1. Paris, le 20 juillet 2011
Monsieur Laurent BORDEAU
Président
et les membres du bureau de l'association
Agir unis
16, rue de la Tannerie
28 000 CHARTRES
Monsieur le Président,
Par un courrier en date du 8 juillet, vous m’avez interpellé en tant que candidat aux
élections présidentielles de 2012 sur le projet de mise en concession de la Nationale 154, et plus
généralement sur la place accordée au transport ferroviaire comme alternative à la route dans le cadre
des politiques d’aménagement du territoire.
Je suis sensible à votre requête dans la mesure où je compte placer la question des modes
de transports comme une priorité du projet de conversion écologique de notre société que j’entends
défendre cours de cette échéance. De plus, le Département de Saône et Loire, que j’ai l’honneur de
présider, étant lui-même objet d’une manœuvre identique pour sa dernière route nationale, la RCEA,
je suis particulièrement concerné par ce que vous évoquez.

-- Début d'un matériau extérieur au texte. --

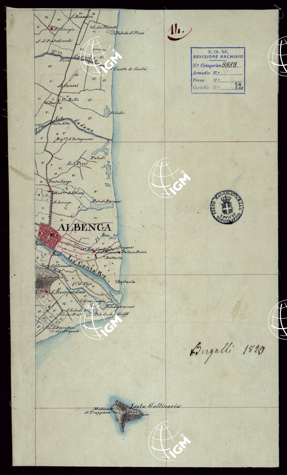 Gruppo di 142 minute di campagna, e un quadro d’unione, in fogli irregolari, alcuni con degli spezzoni allegati, montati su tela. L’orografia vi è rappresentata variamente talvolta con curve dimostrative e tratteggio, oppure con sfumo a luce obliqua e tratteggio o con sfumo e curve dimostrative. Gli abitati sono colorati in rosso; le acque in azzurro.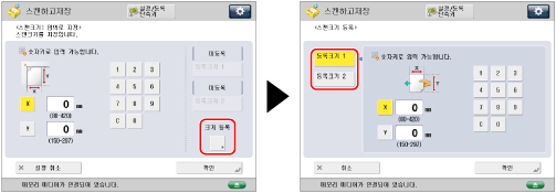 [크기 등록]을 누른 후 [등록크기 1] 또는 [등록크기 2]를 선택합니다.

Je tiens tout d’abord à vous faire part de ma plus vive désapprobation face à ce principe
de mise en concession de routes nationales comme l’est la RN 154, qui confie à un prestataire privé
des équipement routiers appartenant au domaine public et ayant été déjà financés par le contribuable et
la collectivité. J’observe que ces dispositions sont appliquées un peu partout sur le territoire national,
et qu’elles sont la conséquence de deux décisions prises par le pouvoir depuis 2004. La première
renvoie à la Décentralisation de l’immense partie du réseau routier national aux Départements. Dans
cette perspective, l’Etat s’est retrouvé dans l’impossibilité d’assumer la prise en charge de la part du
réseau qu’il a conservé. En outre, la vente par l’Etat des parts qu’il détenait dans les sociétés
d’autoroute ont fait perdre des ressources à l’Agence de financement des Infrastructures de Transports,
qui avait été pourtant créée pour être affectée à l’aménagement du réseau routier national, signant-là
un acte de désengagement complet de la part de la puissance publique tout autant qu’un glissement
vers le mode de financement en concession.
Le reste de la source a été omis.